Christ pointed out the man missed the mark ie :sin of the First and greatest commandment. 

here is a great writing done in regards to things we are talkign about

Is anyone familiar with Stephen Clarke? He wrote it..

{Link to heretical arrogant garbage removed - FTG}


Joseph

[Edited on 4-15-2005 by The Lamb]

[Edited on 4/15/2005 by fredtgreco]


----------



## wsw201

Joseph,

I read parts of the article and found it less than compelling and really don't see the point as to how the article fits in with this discussion. Second, as Jeff has stated, Adam did not need to be saved! There is nothing in our Creeds or Confessions that even come close to saying the Adam needed to be saved. 

One point that needs to be made regarding Adam and Eve is that yes they were made righteous but they were not made immutable. That is why they could sin. Immutablity is an incommutable attribute of God.


----------



## seansgame

> _Originally posted by wsw201_
> Joseph,
> 
> I read parts of the article and found it less than compelling and really don't see the point as to how the article fits in with this discussion. Second, as Jeff has stated, Adam did not need to be saved! There is nothing in our Creeds or Confessions that even come close to saying the Adam needed to be saved.
> 
> One point that needs to be made regarding Adam and Eve is that yes they were made righteous but they were not made immutable. That is why they could sin. Immutablity is an incommutable attribute of God.



The immutability point was already made, but nobody ever listens to me.  I may start sucking my thumb if I get any more insecure.


----------



## The Lamb

> _Originally posted by wsw201_
> Joseph,
> 
> I read parts of the article and found it less than compelling and really don't see the point as to how the article fits in with this discussion. Second, as Jeff has stated, Adam did not need to be saved! There is nothing in our Creeds or Confessions that even come close to saying the Adam needed to be saved.
> 
> One point that needs to be made regarding Adam and Eve is that yes they were made righteous but they were not made immutable. That is why they could sin. Immutablity is an incommutable attribute of God.




The article speaks of the condition of Adam. IT goes into detail in regards to the theme of this thread has taken.

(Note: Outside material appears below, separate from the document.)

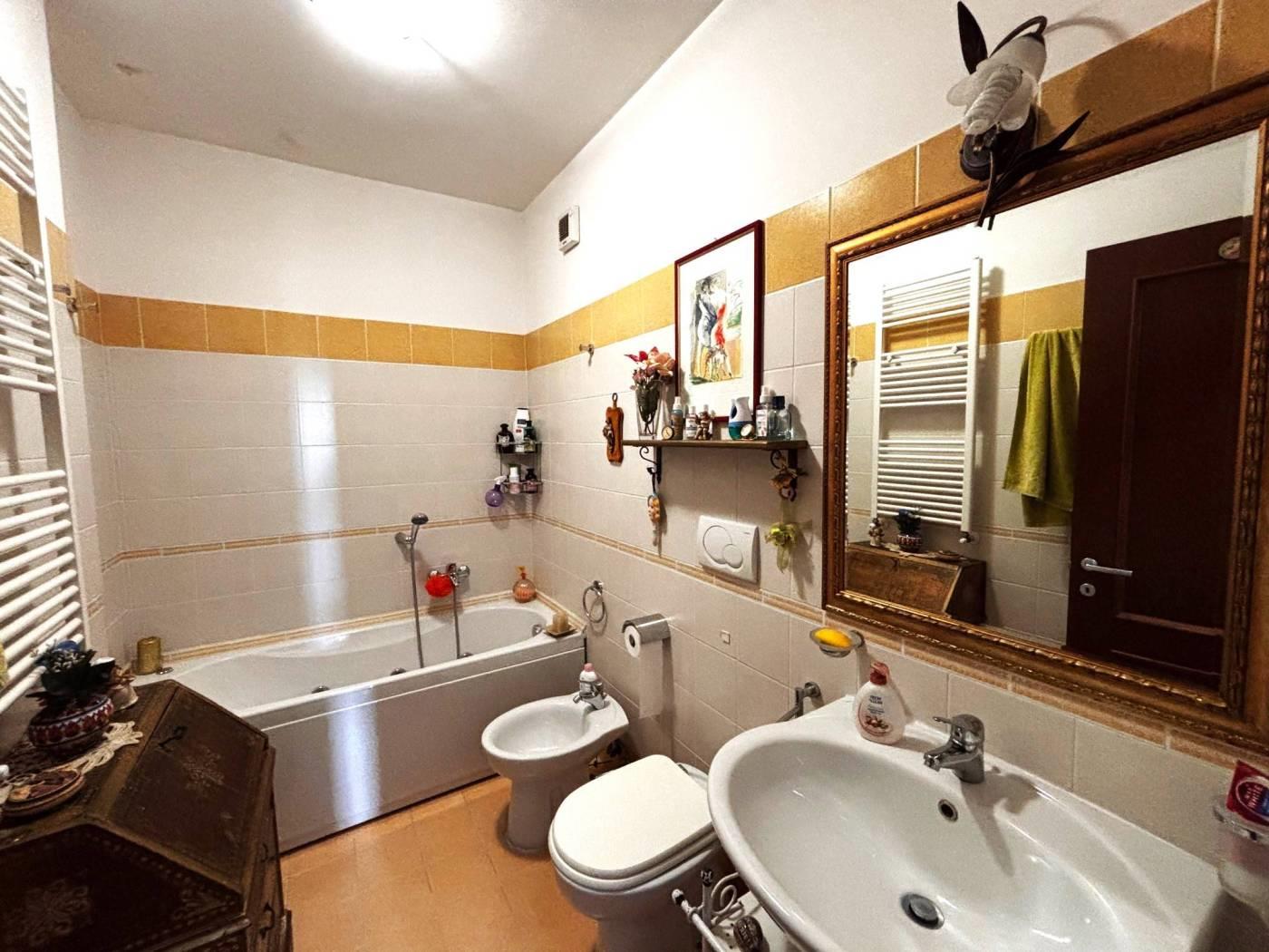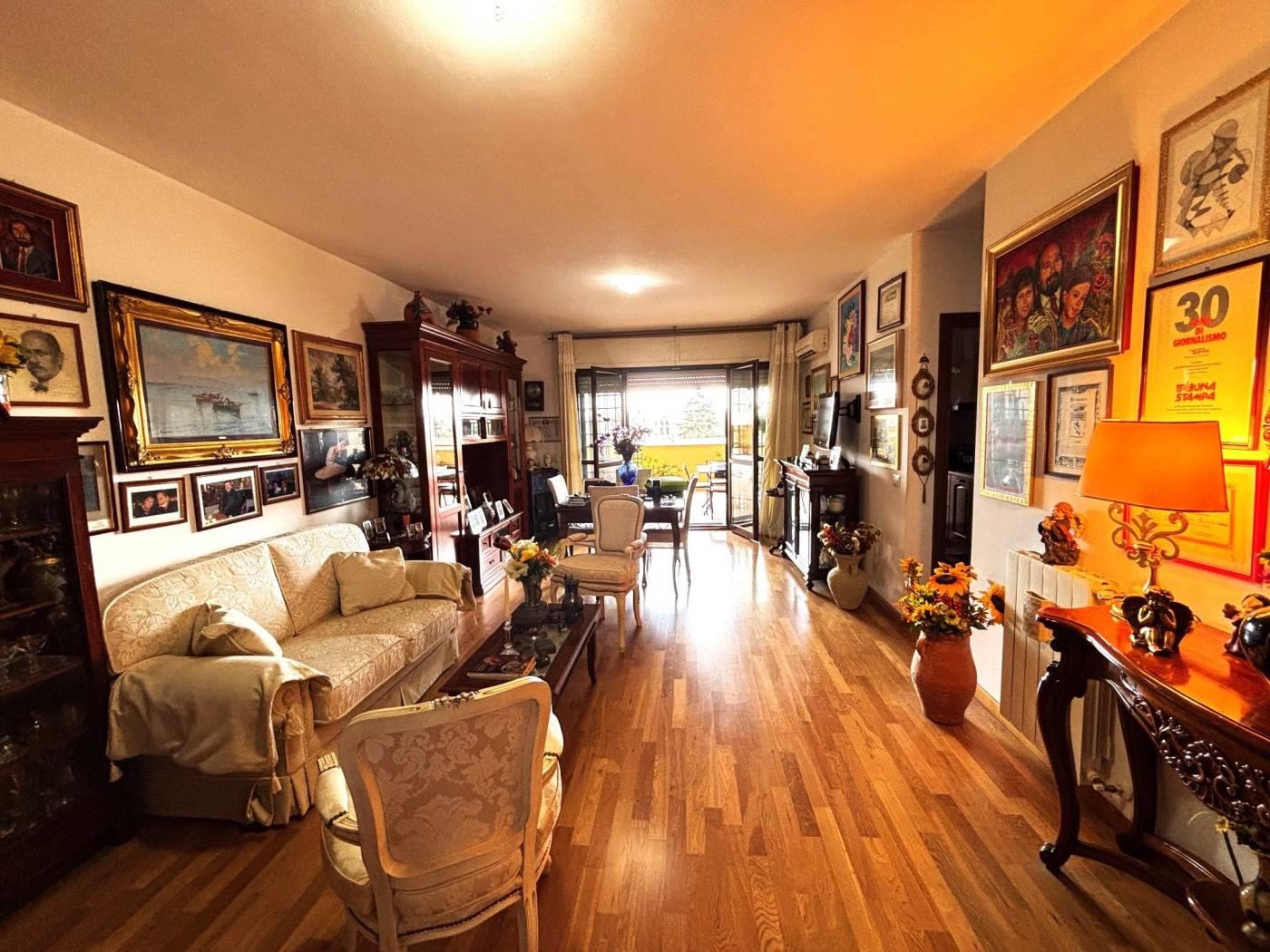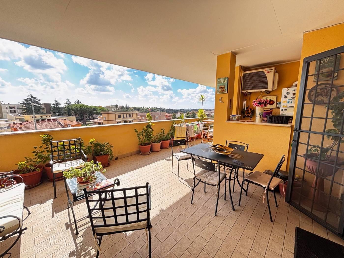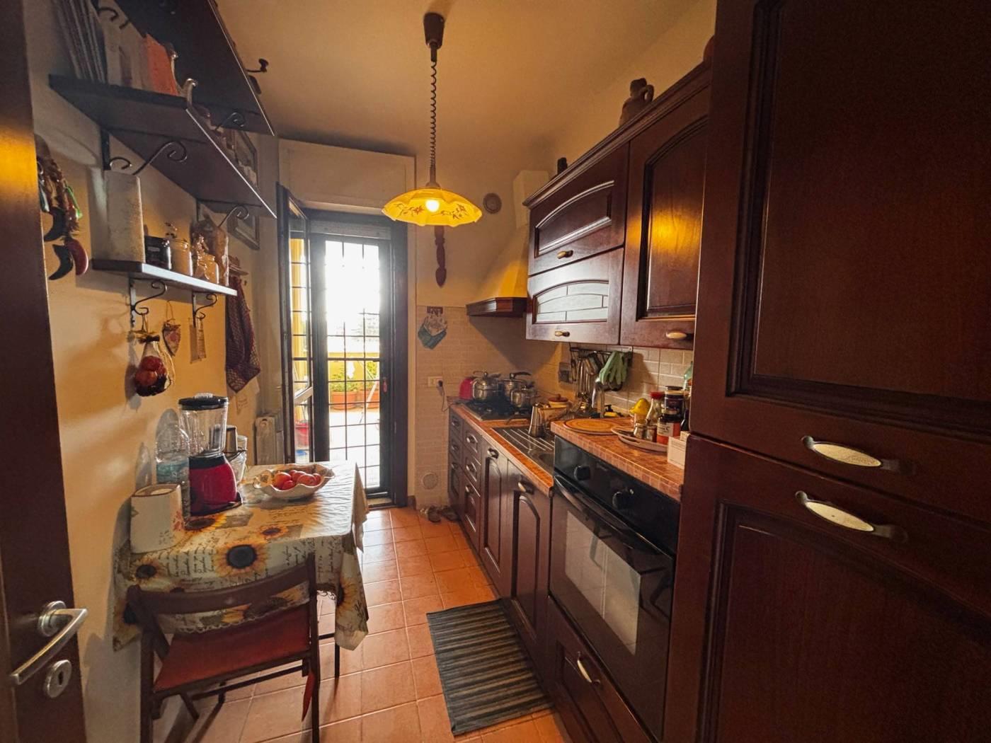 L'immobile è composto da ingresso, ampio salone, tre camere da letto, doppi servizi, cucina semi abitabile (tavolo per 2 persone), bellissimo terrazzo vivibile; completa la proprietà una soffitta.

Then the creeds and confessions are wrong on this point. Adam had no need to be saved? There was no purpose in Gods mind? This probationary period is mere specualtion. I believe he had an eartly righteousness, but not a spiritual righteoiussness.. 

How does immutability factor in? If adam was sinless, then that includes him with Christ. 

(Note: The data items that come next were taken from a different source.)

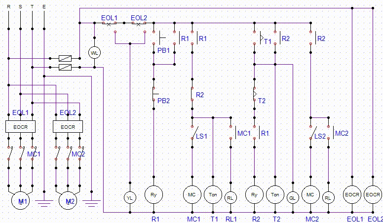 LS2를 누르면 MC2가 여자되어 RL2가 점등되면서 전동기 M2가 동작한다.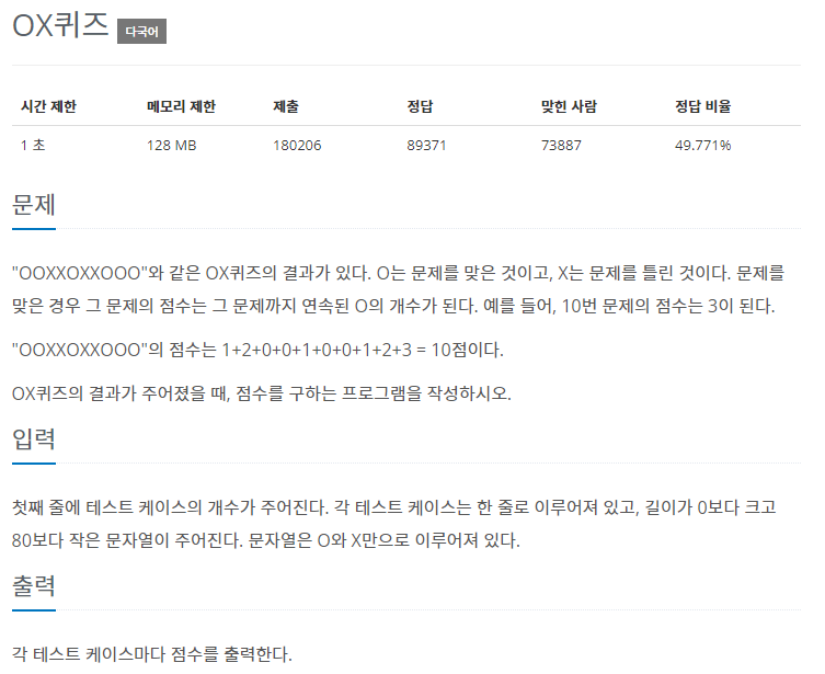 "OOXXOXXOOO"와 같은 OX퀴즈의 결과가 있다. O는 문제를 맞은 것이고, X는 문제를 틀린 것이다. 문제를 맞은 경우 그 문제의 점수는 그 문제까지 연속된 O의 개수가 된다. 예를 들어, 10번 문제의 점수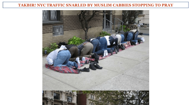 The headline of Pamela Geller’s latest blog post reads “Takbir! NYC Traffic Snarled By Muslim Cabbies Stopping To Pray.”

Adam was made upright - but his uprightness was not like that of Christ's. Adam was perfectly righteous according to the laws which he was aware of in my opinion. But he was lacking a Divine Righteousness. He had no communion with the Lord in this sense. Adam did not worship the Lord, nor does the Bible ever say that he did!

I believe he was made with a proclivity to rebel when the circumstances were made available. Before eve was deceived by Adam, he did not see or desire to rebel against God as his environment was perfect from his perspective. When he saw eve's deception by Satan, his love for her (being greater than his "love" for God) motivated him to plunge himself into rebellion against God for her sake. It was at this point which the "fall" took place, but this fall was not a fall as the traditionalists tend to describe. This fall was a fall from his natural or earthy righteousness and it was more a revealing to Adam the condition of his heart than anything. It was at or shortly after this moment he was quickened and the restoration process (which was far more than a return to his original state) on the part of God was begun in Adam's life.

Man's creation in the 'image of God' cannot refer to an ontological or sinless perfection of man, precisely because after the flood man still retained the image of God (see Gen. 9). This is the very reason the death penalty was instituted by God as the just punishment for pre-meditated murder in all of human creation. Man was still in the image of God at that juncture, as he always has been since. So the 'image of God' means something else.


The gospel is intended to redeem man, so if Adam was created sinless then the gosple would not apply to him until he sinned.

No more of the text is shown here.